Nachnutzung[Bearbeiten]

Das 100.000 qm große Gelände erwarb der Immobilienmakler Wilfried Hilgert und kündigte an, hier drei- bis achtgeschossig 1000 Wohnungen zu bauen. Tatsächlich vermietete er Flächen und Gebäude an Gewerbetreibende, ließ er 1975 einen Teil der Gebäude abreißen und errichtete dort zwei Tennishallen und ein Restaurant. Im August 2007 erwarb ein neuer Eigentümer die Restflächen und eröffnete hier den Sirius Business Park.

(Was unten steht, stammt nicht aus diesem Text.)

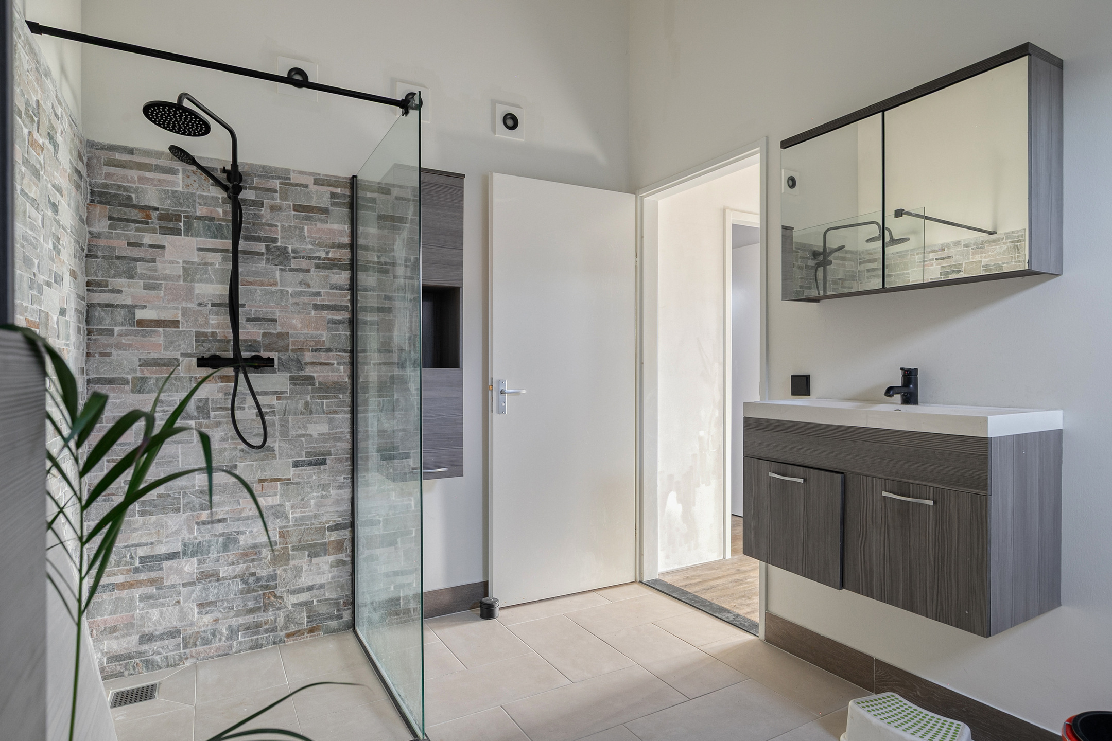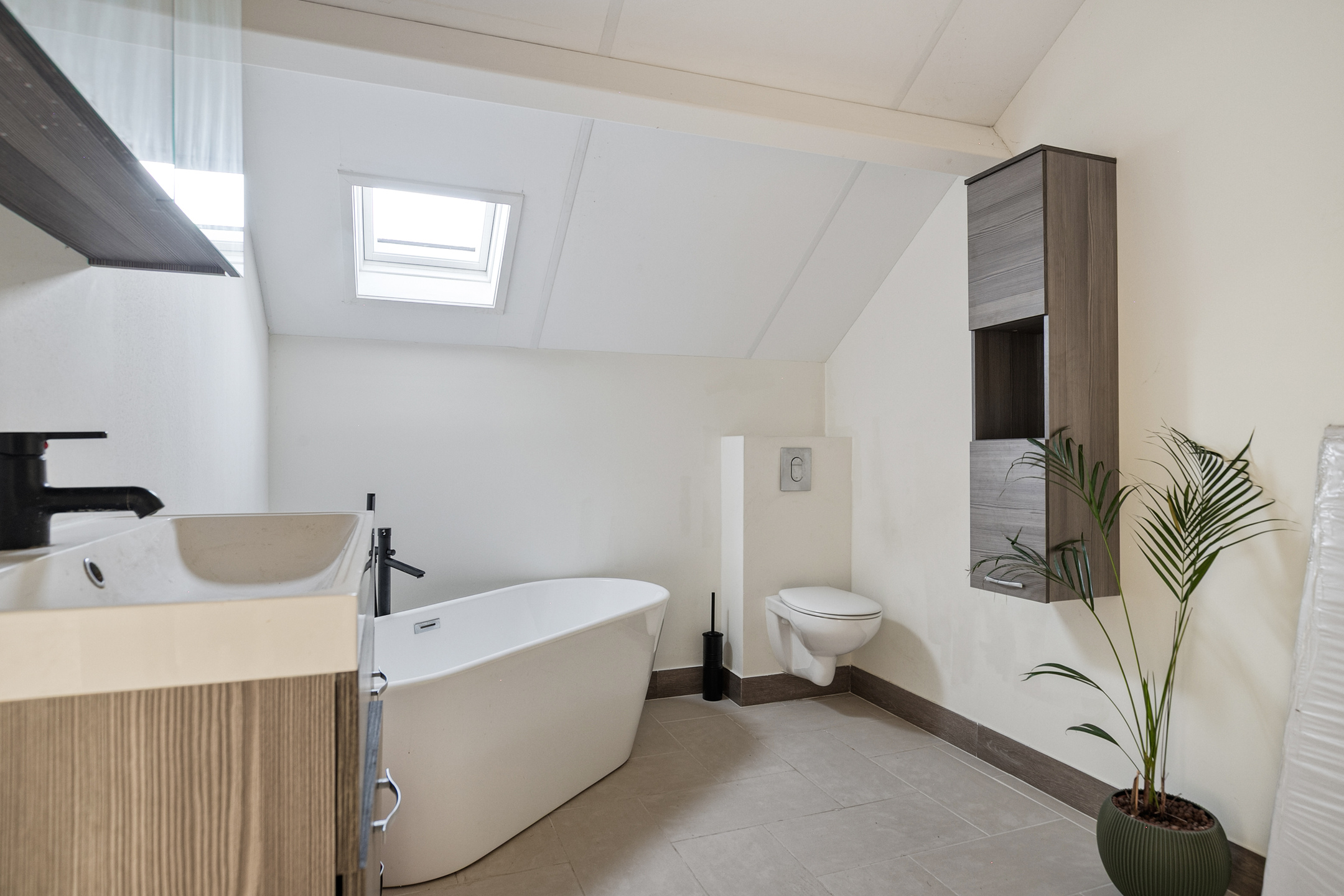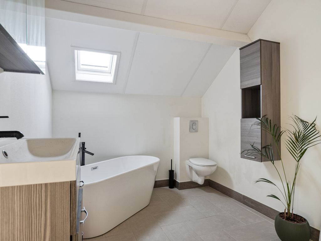 De luxe badkamer beschikt over zowel een ligbad als een inloopdouche met thermostaatkraan, een brede wastafelmeubel en toilet.

Quellen, Literatur und Links[Bearbeiten]

Krix, Benno: Die Elektro-Isolier-Industrie Wahn. In: Rechtsrheinisches Köln 37/38. Köln 2013.
KStA Porz v. 13.9.1969

  1. Diese Umweltemissionen ergaben sich in ähnlicher Weise auch im Werk Meirowsky & Cie.
  2. Viele Anwohner arbeiteten im Werk und nahmen die Beeinträchtigungen hin, das änderte sich durch Wohnungsneubauten zu Beginn der 1960er Jahre.
  3. Beel wurde unter großer Anteilnahme der Wahner Bevölkerung 1961 auf dem Wahner Friedhof begraben, Ruppert 1965 auf dem Friedhof in Köln-Zollstock.
  4. Bis nach 1956 markierte noch eine Baumreihe den früheren Straßenverlauf durch das Werksgelände.
  5. Die Verpflichtung, einen Feuerlöschteich zu bauen, wurde zugleich als Sozialeinrichtung umgesetzt; Werksangehörige arbeiteten an der Errichtung in ihrer Freizeit unentgelich mit.
  6. Er wurde in der Konkursversteigerung 1973 zwar von einer Großgärtnerei ersteigert, die Umsetzung wäre aber teurer geworden als eine Neuanfertigung.